* **Supplied material**:
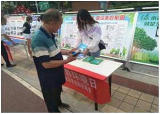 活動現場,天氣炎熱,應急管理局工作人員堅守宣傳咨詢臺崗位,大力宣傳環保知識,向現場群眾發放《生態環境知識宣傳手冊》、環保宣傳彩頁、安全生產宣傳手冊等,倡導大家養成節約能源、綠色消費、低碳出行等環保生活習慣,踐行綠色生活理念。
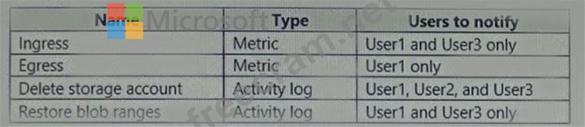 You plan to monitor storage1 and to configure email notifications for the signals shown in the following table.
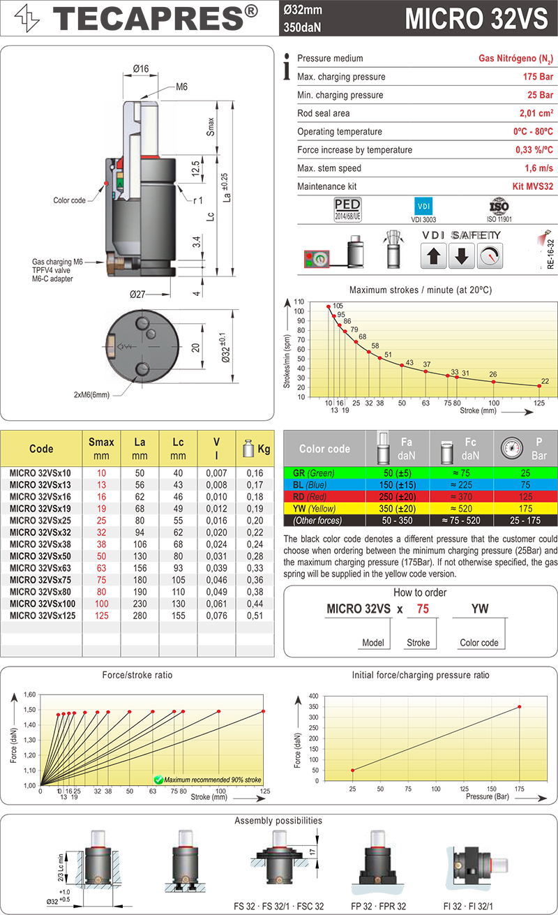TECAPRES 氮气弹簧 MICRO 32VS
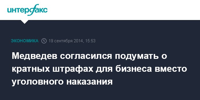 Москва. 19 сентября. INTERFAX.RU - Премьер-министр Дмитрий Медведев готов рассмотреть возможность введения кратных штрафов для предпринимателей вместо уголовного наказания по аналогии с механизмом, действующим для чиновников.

* **Try it**:
Produce the data again character for character, with the images left out.

* **Result for this task**:
 活動現場,天氣炎熱,應急管理局工作人員堅守宣傳咨詢臺崗位,大力宣傳環保知識,向現場群眾發放《生態環境知識宣傳手冊》、環保宣傳彩頁、安全生產宣傳手冊等,倡導大家養成節約能源、綠色消費、低碳出行等環保生活習慣,踐行綠色生活理念。
 You plan to monitor storage1 and to configure email notifications for the signals shown in the following table.
TECAPRES 氮气弹簧 MICRO 32VS
 Москва. 19 сентября. INTERFAX.RU - Премьер-министр Дмитрий Медведев готов рассмотреть возможность введения кратных штрафов для предпринимателей вместо уголовного наказания по аналогии с механизмом, действующим для чиновников.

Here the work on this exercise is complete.